- **YOUR OBJECTIVE**
Only one stretch of the data below is wanted: the lines starting at the one with "- Superbet oferuje" and ending at the one with "Track all employee", both included, given again exactly.

- **DATA RECORDS**
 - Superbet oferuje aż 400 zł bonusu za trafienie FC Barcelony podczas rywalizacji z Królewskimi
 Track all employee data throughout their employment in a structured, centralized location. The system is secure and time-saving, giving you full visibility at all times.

==

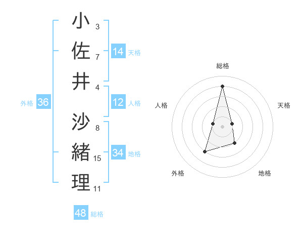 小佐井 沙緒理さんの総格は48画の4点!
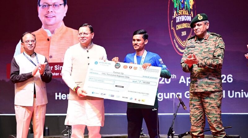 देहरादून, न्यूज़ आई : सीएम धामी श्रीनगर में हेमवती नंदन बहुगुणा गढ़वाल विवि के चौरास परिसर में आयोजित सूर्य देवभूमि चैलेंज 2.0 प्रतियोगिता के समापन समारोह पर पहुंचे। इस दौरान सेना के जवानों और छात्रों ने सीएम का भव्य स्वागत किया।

- **RESULT OF THIS TASK**
 - Superbet oferuje aż 400 zł bonusu za trafienie FC Barcelony podczas rywalizacji z Królewskimi
 Track all employee data throughout their employment in a structured, centralized location. The system is secure and time-saving, giving you full visibility at all times.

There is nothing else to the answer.